The "Limited Public Housing Area" consisted of the area within
census tracts having a 30% or more nonwhite population or within
one mile of the boundary of any such census tract. The remainder of
Cook County was included in the "General Public Housing Area." 304
F. Supp. at 737. Following the commencement of construction of at
least 700 family units in the General Public Housing Area of the
city of Chicago, CHA was permitted by the terms of the order to
locate up to one-third of its General Public Housing Area units in
the portion of Cook County outside of Chicago.
See id. at
738-739.
[
Footnote 7]
The Court of Appeals found that
"HUD retained a large amount of discretion to approve or reject
both site selection and tenant assignment procedures of the local
housing authority,"
and that the Secretary had exercised those powers "in a manner
which perpetuated a racially discriminatory housing system in
Chicago." 448 F.2d at 739. Although the appellate court stated that
it was "fully sympathetic" with the "very real
dilemma'"
presented by the need for public housing in Chicago, it ruled that
the demand for housing did not justify "the Secretary's past
actions [which] constituted racially discriminatory conduct in
their own right." Ibid.
[
Footnote 8]
The court's July, 1969, order directing CHA to use its best
efforts to increase public housing opportunities in white areas as
rapidly as possible had not resulted in the submission of a single
housing site to the Chicago City Council.
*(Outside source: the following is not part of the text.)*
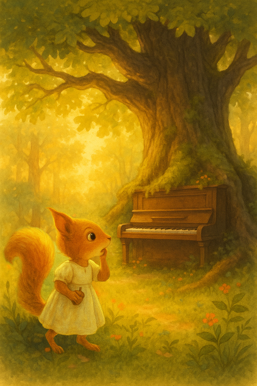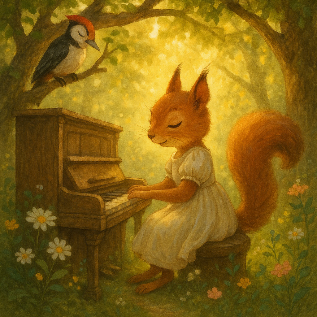 Каждое утро белочка Мира прибегала к Лесному фортепиано. Она больше не искала жёлуди, не прыгала по кронам – её сердце теперь звало только к одному: к звукам.
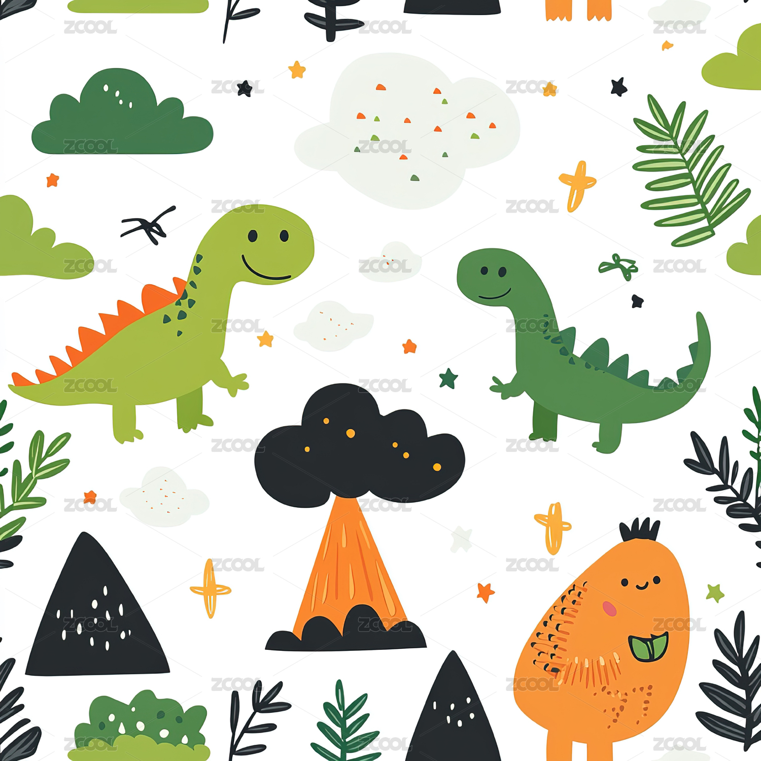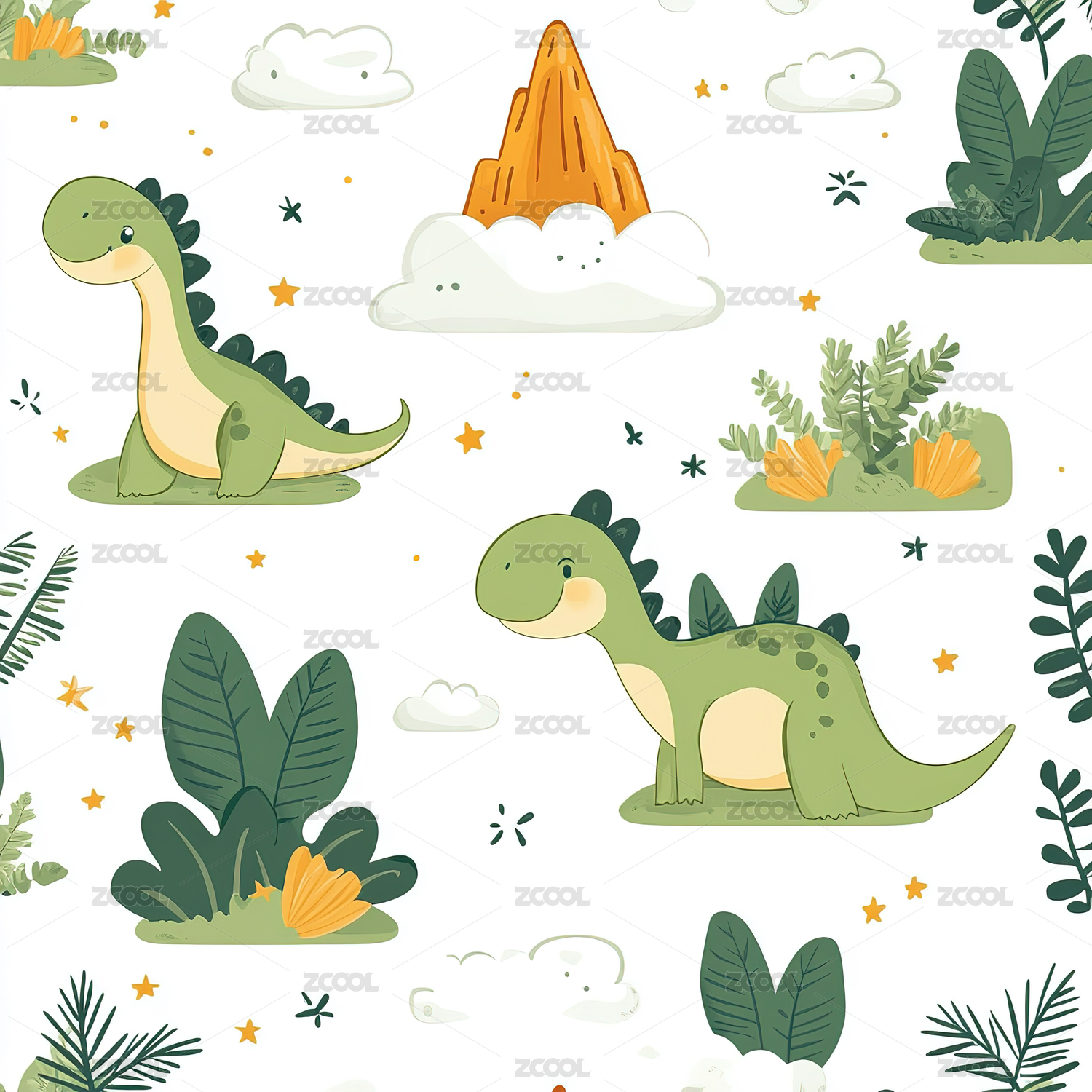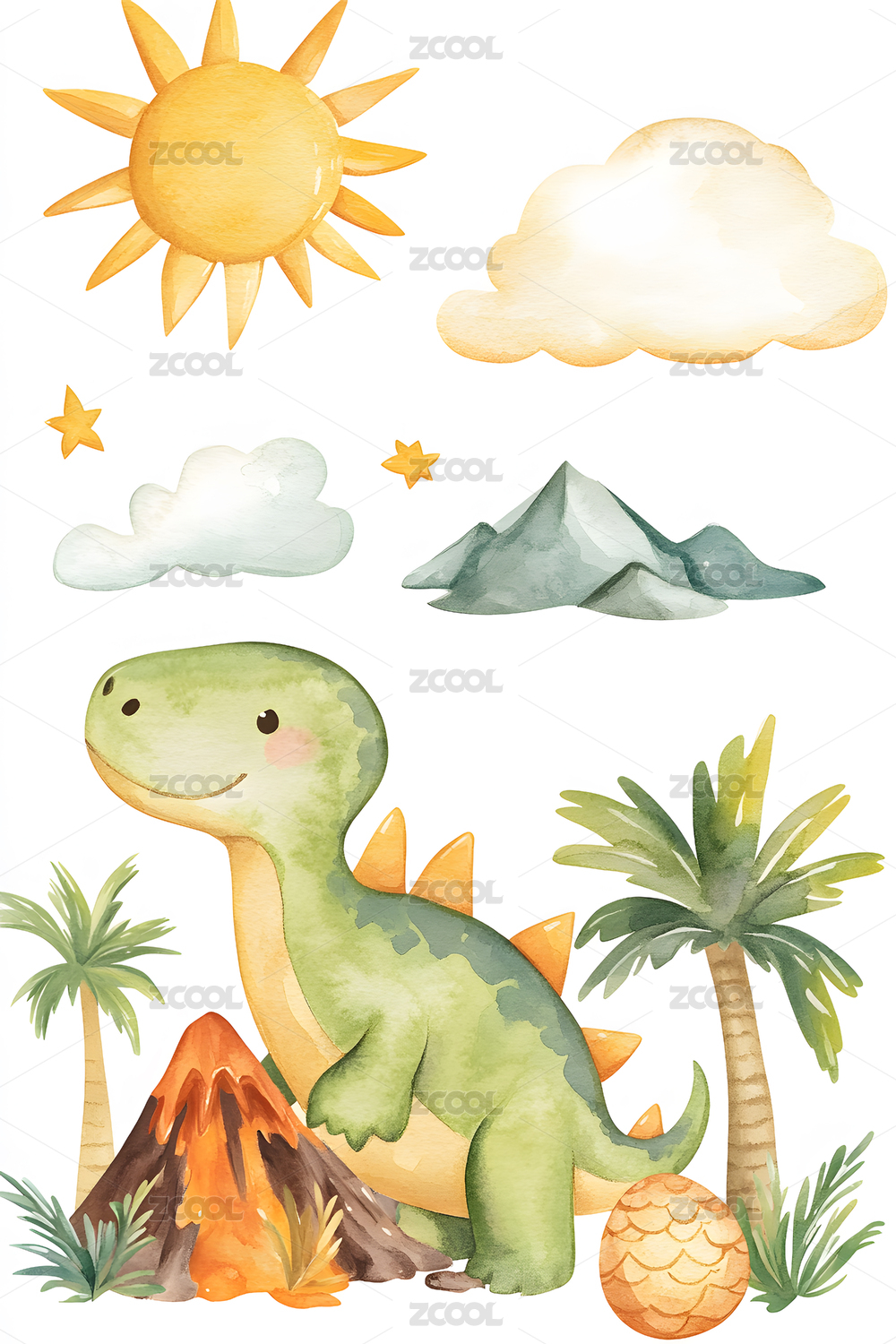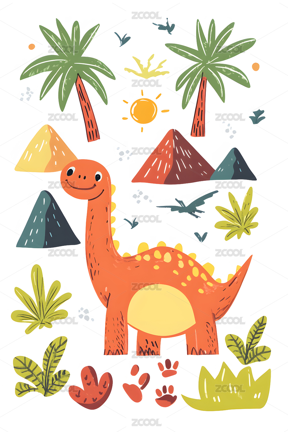 数码水彩幼儿风格恐龙图案装饰抽象图形海报

A subsequent order
directing the submission of sites for 1,500 units by September 20,
1970, had eventually prompted CHA to submit proposed sites in the
spring of 1971, but inaction by the City Council had held up the
approval of the sites required for their development.
See
Gautreaux v. Romney, 332 F.
Supp. 366, 368.
The District Court subsequently took additional measures in an
attempt to implement the remedial orders entered against CHA. In
May, 1971, the city of Chicago and HUD agreed to a letter of intent
that provided that the city would process sites suitable for use by
CHA to permit the Authority to commence acquisition of sites for
1,700 units in accordance with a specified timetable. HUD then
released certain Model Cities funds on the condition that the City
Council and CHA continue to show progress toward meeting the goals
set forth in the May letter. After the city fell far behind
schedule, the District Court granted the respondents' request for
an injunction directing HUD to withhold $26 million in Model Cities
funds until the city remedied its existing deficit under the
timetable.
See id. at 368-370. The Court of Appeals
reversed the injunction, holding that the District Court had abused
its discretion in ordering funding cut off. 457 F.2d 124.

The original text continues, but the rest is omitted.